Study: Exhaled COVID-19 Aerosol Droplets Dictated by Age, Infection and Body Mass Index
A recently published observational study in the Proceedings of the National Academy of Sciences suggests there is a strong positive association between the number of coronavirus disease 2019 (COVID-19) aerosol droplets an individual breathes out with age, infection and body weight.
In the study, a small team of researchers from Massachusetts and Louisiana measured general aerosol rates in 194 healthy participants. Additionally, the researchers examined how the progress of COVID-19 infection affected the quantity and size of aerosol droplets in 8 nonhuman primates (NHPs). The human group was comprised of 74 food workers as well as 120 students, staff and faculty from a community college.

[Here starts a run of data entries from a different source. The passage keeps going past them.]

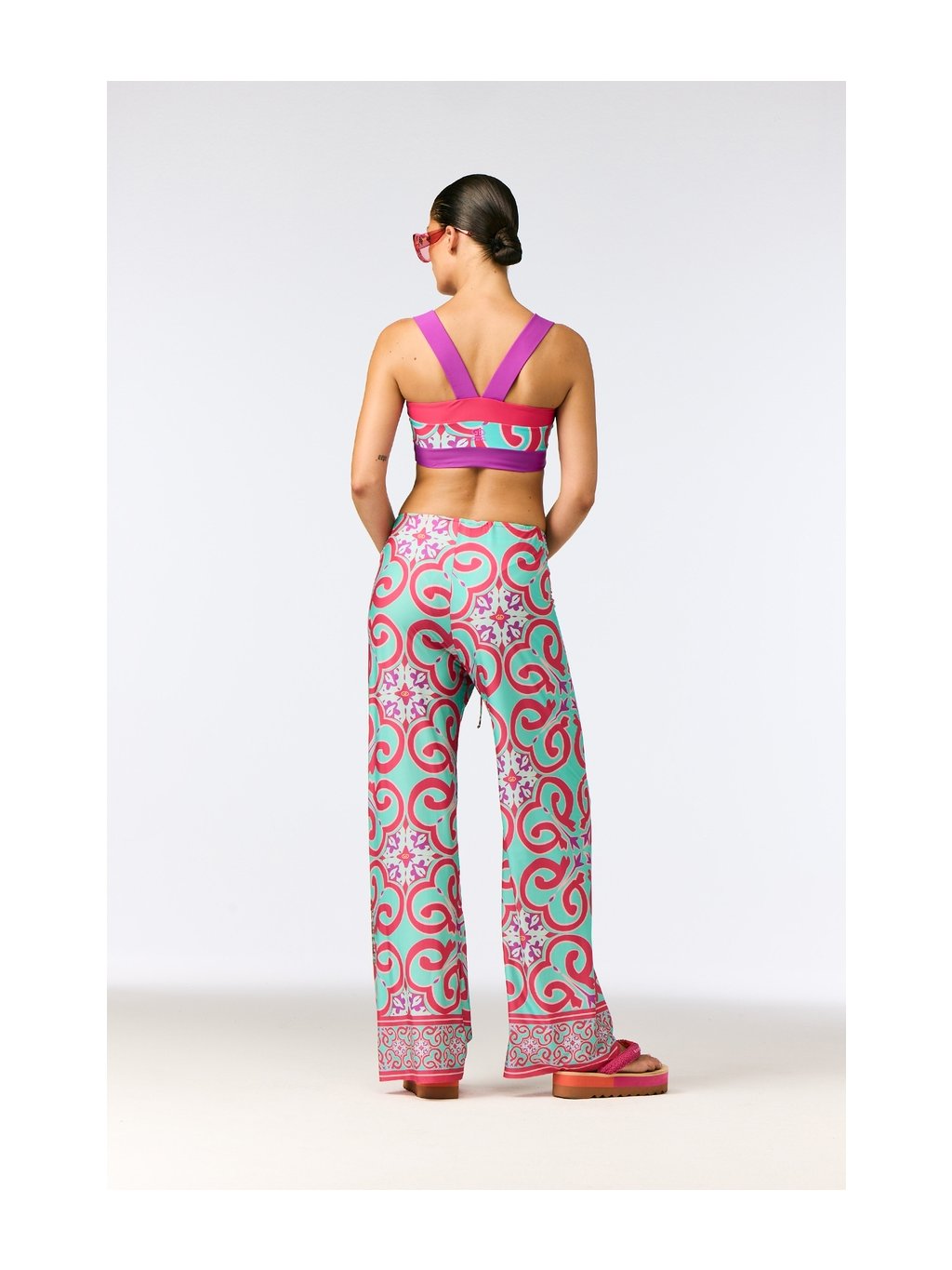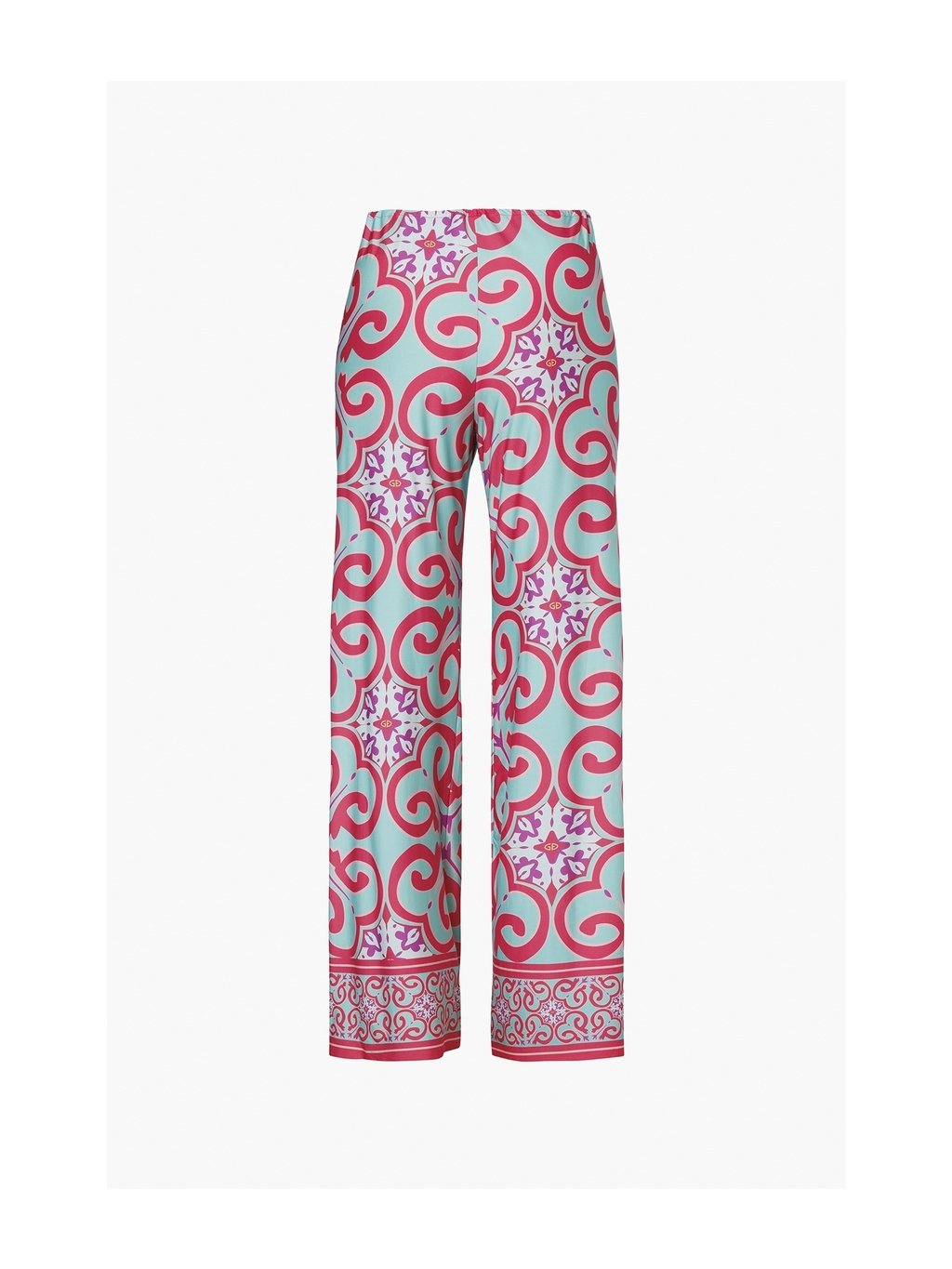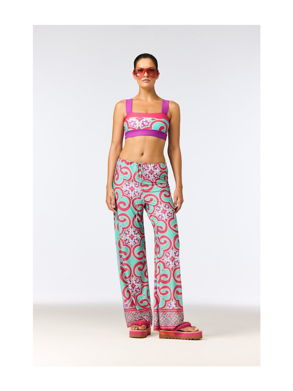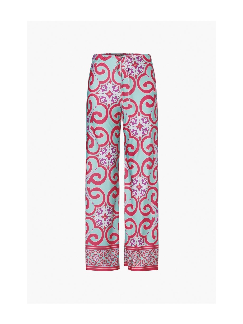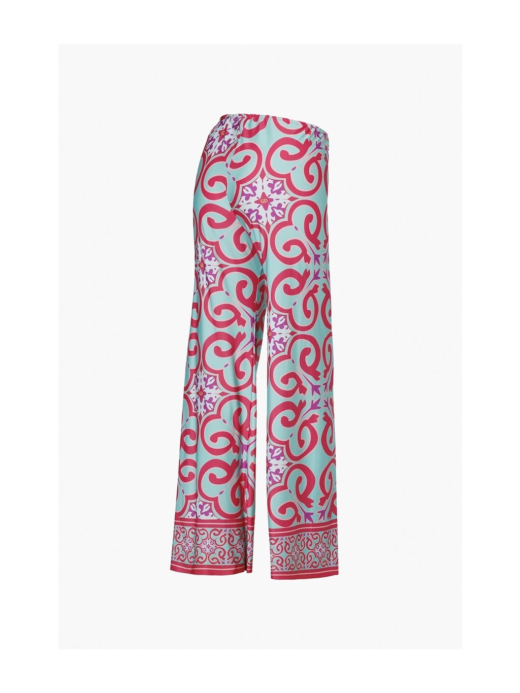 Plážové nohavice TROPINA s celoplošnou Capri tile potlačou prinášajú pohodlie a štýl. Voľný strih a ľahký saténový materiál zaručujú dokonalý letný komfort pri vode aj na pláži.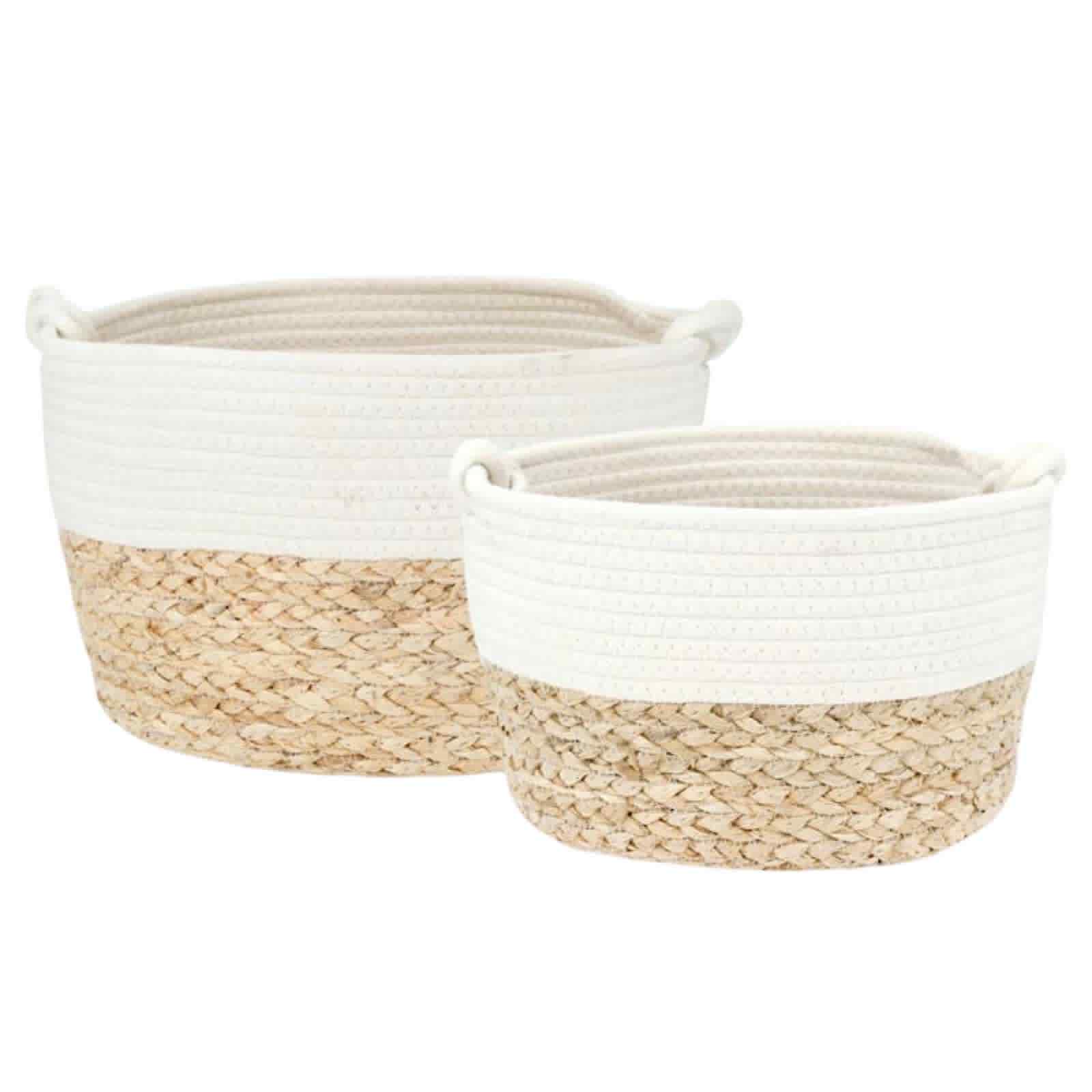 2 set flätade korgar. De två flätade korgarna du ser är en vacker kombination av funktion och estetik, skapade av naturliga material som ger en känsla av jordnära elegans. Den nedre delen av korgarna är gjord av ett naturskönt, flätat material. Detta ger dem en robust och hållbar struktur. Den flätade designen skapar ett mönster som både är visuellt tilltalande och praktiskt, genom att ge stabilitet och ventilation. Den övre delen av korgarna är flätat med ett slätt, ljust tyg. Denna del ger en mjuk kontrast till den flätade basen och förstärker den övergripande designens subtila elegans. Korgarna har en rund form med mjuka kanter, vilket gör dem idealiska för förvaring av olika föremål. Varje korg har integrerade handtag, vilket gör dem lätta att flytta runt. Handtagen är diskret integrerade i designen och förstärker korgarnas praktiska användbarhet utan att kompromissa med deras estetik. Kombinationen av den naturliga, jordnära tonen i flätmaterialet och den rena, vita övre sektionen ger dessa korgar ett harmoniskt och balanserat utseende som passar in i de flesta heminredningar. Texturkontrasten mellan det flätade materialet och den släta textilen skapar en visuellt intressant yta. Dessa korgar erbjuder en perfekt balans mellan stil och funktionalitet. De kan enkelt integreras i olika inredningsstilar, från bohemisk till minimalistisk. Deras naturliga materialval och genomtänkta design gör dem till ett hållbart och stilrent val för moderna hem.  Storlek:Ø31×20 cm Ø27×16 cm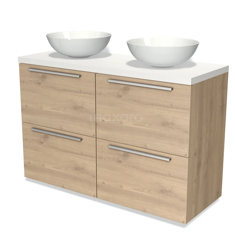Modulo Plato Badmöbel mit Aufsatzwaschbecken | 120 cm Hellbraune Eiche Flach front Matt Weiß blatt 4 hohe Schubladen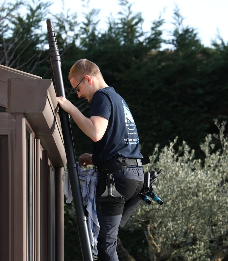 À la date convenue, notre équipe intervient avec du matériel professionnel (eau pure, perches carbone, équipements sécurisés). Le nettoyage est réalisé avec soin pour un résultat impeccable et sans traces.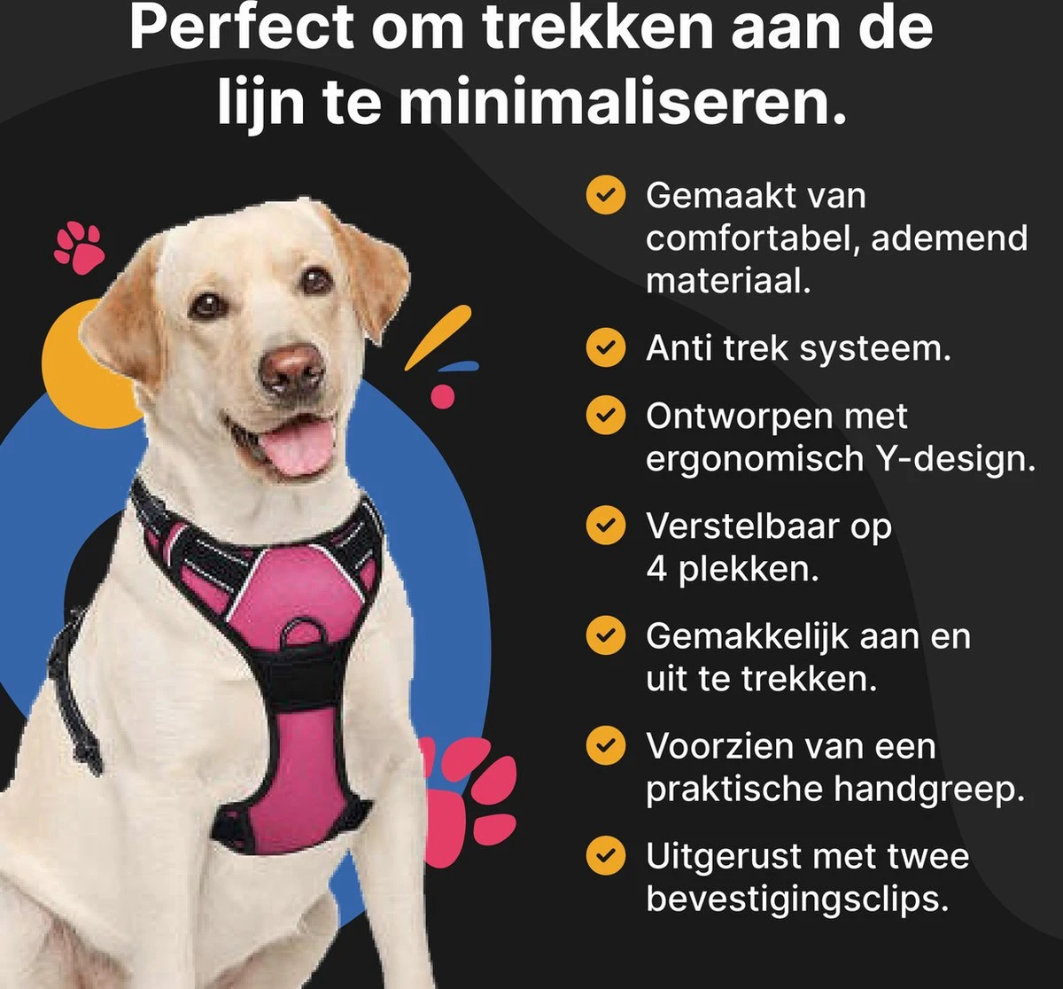 Heb jij een hond die flink trekt? Dan is het belangrijk dat je de juiste uitrusting gebruikt om blessures te voorkomen. Zeker bij grotere honden krijg je vaak last van je arm, schouders of nek na een wandeling. Maar ook de hond zelf kan klachten krijgen. Maak je de lijn bijvoorbeeld vast aan de halsband? Dan brengt het trekken al snel schade toe aan de nek en luchtwegen. Bovendien wordt het trekgedrag soms juist extra gestimuleerd, doordat er spanning op de halsband komt te staan.

During the study, human participants spent approximately 30 minutes per session breathing into a particle detector connected to standard nebulizer tubing. Researchers also collected biosamples from the NHPs infected with the novel coronavirus and measured the particle size and number exhaled by these primates using a modified pediatric face mask that was connected to a particle counter.
In the human study group, a total of 35 participants exhaled 80% of aerosols, which seemed to reflect the 20:80 superspreader rule of infection distribution. The investigators wrote that factors involved in altering droplet generation as well as the size of droplets during breathing include diet, aging and COVID-19 infection.
A total of 73 people with the lowest body mass index (BMI)-years, calculated as age multiplied by BMI, exhaled less aerosol droplets compared with 73 participants with the highest BMI-years.
In the NHP study group, the production of aerosol droplets appeared to follow the viral replication patterns for severe acute respiratory syndrome coronavirus 2. The aerosol production increased at Day 3 following infection and peaked at Day 7. This production subsequently declined rapidly by Day 14 and was undetectable by Day 27. Sizes of the aerosol droplets in NHPs were smallest when the infection was at its peak.
"These findings suggest that quantitative assessment and control of exhaled aerosol may be critical to slowing the airborne spread of COVID-19 in the absence of an effective and widely disseminated vaccine," wrote the researchers.
"While we are working toward a widely disseminated COVID-19 vaccine, this research shows the value in daily cleansing of our upper airways to reduce the spread of respiratory droplets emitted," said lead study author Dr. David Edwards of Harvard University, in a statement. "The role that airway hygiene plays in controlling the transmission and infection of COVID-19 and other respiratory infectious diseases including Tuberculosis and Influenza, is becoming clearer."
The new research coincides with recently published research from the Centers for Disease Control and Prevention (CDC), which state that double-masking, compared with wearing a single mask, cuts COVID-19 droplet exposure by more than 95%. As such, the CDC now recommends the public wear two masks instead of one, advocating for the use of an N95 with a cloth or surgical mask.
“In light of the new COVID-19 variants which are estimated to be at least 50% more transmissible, it is imperative that we must be more vigilant than ever,” said Dr. Andrea Love, immunologist, microbiologist and co-host of a weekly podcast called Unbiased Science, in a previously published interview on BioSpace. “With a more transmissible virus, that means every exposure has increased likelihood of leading to spread. We must be more stringent with our behaviors now, including social distancing, minimizing trips to public places, avoiding indoor spaces, and ALWAYS wear a mask. But, not just any mask will do – quality matters.”